Pinochet passou a liderar as ações golpistas, embora "não tenha tido papel algum na gestação do golpe e tenha embarcado nele apenas 48 horas antes", afirma à AFP a jornalista Mónica González, autora do livro "La Conjura", que narra o complô para derrubar Allende.

Anos mais tarde, Pinochet afirmou, no entanto, a uma de suas biógrafas, a jornalista María Eugenia Oyarzún, que preparava o golpe em segredo há um ano: "Não havia espaço para erro (...) tínhamos que livrar a pátria do caos de Allende e do câncer marxista", argumentou.

--- O médico socialista e o astuto militar ---

Allende chegou ao governo com 36,3% dos votos, em sua quarta campanha presidencial, após uma vida dedicada à política.

Nascido no dia 26 de junho de 1908 na cidade de Valparaíso, 120 km a oeste de Santiago, Allende tornou-se um médico e foi eleito deputado aos 30 anos. Depois, foi ministro da Saúde e mais tarde chegou ao Senado, onde permaneceu por 25 anos.

Já Pinochet foi rejeitado duas vezes na academia militar e não gostava de estudar.

"Ele mesmo explicava que era alguém que tinha dificuldade para o estudo. Foi duas vezes rejeitado na Escola Militar, sofria com enxaquecas severas quando estudava em excesso e tinha notas regulares que estavam na média", conta à AFP o jornalista Juan Cristóbal Peña, autor do livro "La secreta vida literaria de Augusto Pinochet".

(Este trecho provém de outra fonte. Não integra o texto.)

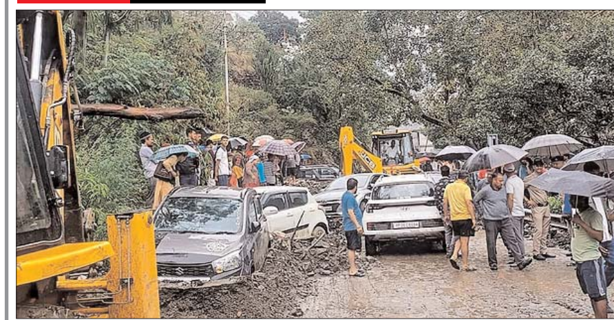
हिमाचल प्रदेश के कुल्लू जिले के जगतखाना में भारी बारिश के कारण अचानक आई बाढ़ के बाद मलबे में फसे वाहन।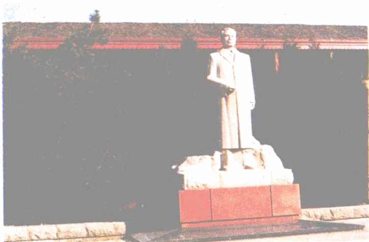
周恩来少年读书旧址 系沈阳市重点文物保护单位之一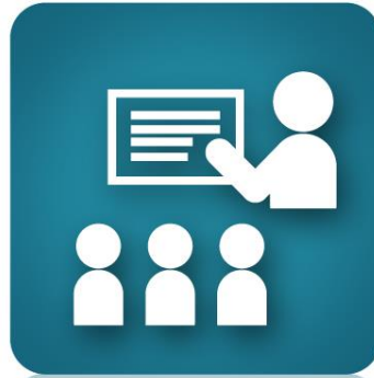
優先參與 專業課程、講座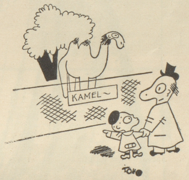
«Nimmt es das Tier nicht übel, wenn man ihm Kamel sagt?» Ric et Rac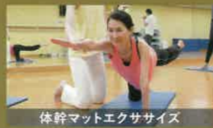
体幹マットエクササイズ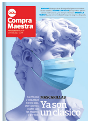
OCU-COMPRA MAESTRA 11 números al año

Cuando es más necesario estar bien informado, acompañamos a los socios con la información veraz y al día de nuestras publicaciones.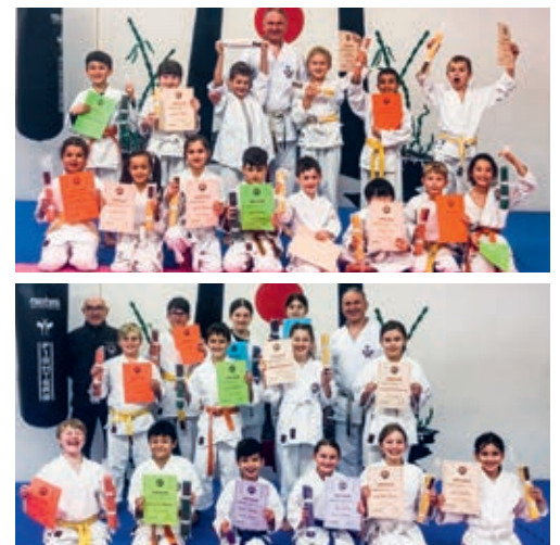
Absolventinnen und Absolventen der Karateschule Flawil nach der Prüfung.

Allende proclamou uma via chilena ao socialismo apegada à democracia, nacionalizou o cobre e as telecomunicações, que estavam em mãos americanas, e impulsionou a reforma agrária, mas seu governo foi desestabilizado por uma campanha da direita apoiada por Washington.

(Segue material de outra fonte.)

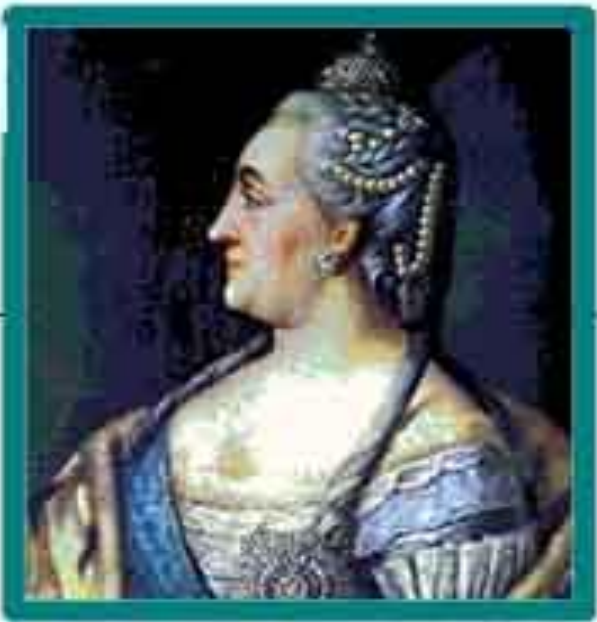
Екатерина II Великая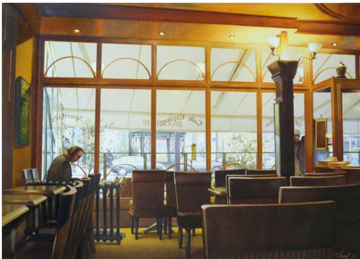
Un café, quatre personnages..., aquarelle, 75 x 55 cm, 2009.

“Paris... Plus que la capitale, c'est la lumière le sujet”

Já Pinochet soube aproveitar esta oportunidade histórica e se instalou na linha de frente com uma astúcia e vontade de poder até então desconhecidas.

"Desde o primeiro minuto se sente um recém-chegado. Por seu caráter ressentido e sua grande astúcia, analisa desde o primeiro momento que não tem cumplicidade com ninguém e pode se impor", afirma Mónica González.

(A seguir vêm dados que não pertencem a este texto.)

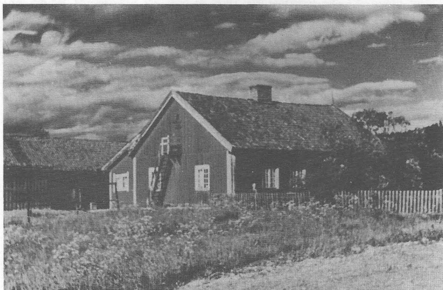
Slik så det ut på Lillestrand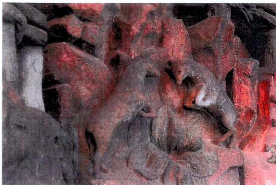
12. Kościół św. Barbary, Kaplica Ogrojcowa, fragment sceny zoomorficznej. Stan przed konserwacją. Fot. Sulisław Ćwiertnia ,wrzesień 2018r.

"O que faz então um convertido? É mais violento que os violentos", acrescenta a autora.

Nascido no dia 25 de novembro de 1915 também em Valparaíso, Pinochet demonstrou no mesmo dia do golpe a crueldade que seria o selo de sua ditadura, que terminou com mais de 3.200 vítimas.

"Permanece a oferta de tirá-lo do país... E o avião cai, velho, quando estiver voando", disse por rádio a outro militar que negociava a rendição de Allende.

Mas o presidente socialista iria concretizar sua promessa de se sacrificar em defesa da democracia, disparando no queixo com o fuzil dado de presente a ele por Fidel Castro.

"Tivemos uma reunião e ele nos disse: eu não sou homem de exílio, se houver um golpe militar eu vou direto para o cemitério", lembra à AFP Sergio Bitar, seu ministro da Mineração, que o acompanhava.

"Tinha a decisão absoluta de ficar, resistir e demonstrar que um presidente da República exerce seu mandato até o fim", afirmou sua filha Isabel.

--- Líder de uma ditadura sangrenta ---

Vitorioso, Pinochet impôs sua ferrenha ditadura e se vangloriava de controlar até o movimento das folhas no Chile.

"Pinochet sabia que era menosprezado por seus pares. Quando toma o poder se empenha em eliminar os que podiam ofuscá-lo", explica Cristóbal Peña.

Junto a um grupo de discípulos de Milton Friedman, impôs um modelo liberal ao extremo que levou ao lançamento da economia após a privatização de empresas e serviços do Estado.

No entanto, Pinochet perdeu um plebiscito em 1988, por meio do qual buscava estender sua ditadura até 1997. Em 1990, entrega o poder ao democrata cristão Patricio Aylwin, mas se mantém à frente do Exército por oito anos.

Depois de deixar o Exército, exerceu o cargo de senador vitalício. Coberto por esta imunidade viajou a Londres, onde foi detido em 16 de outubro de 1998 por ordem da justiça espanhola por crimes contra a humanidade. Permaneceu sob prisão domiciliar por 503 dias, até ser libertado por razões de saúde.

Ao retornar ao Chile perdeu influência e os tribunais começaram a cercá-lo.

Morreu em 10 de dezembro de 2006 de um infarto, sem ser condenado pelos crimes que nunca reconheceu: "Não me lembro, mas não é certo. Não é certo, e se for certo não me lembro", disse a um juiz um ano antes de morrer.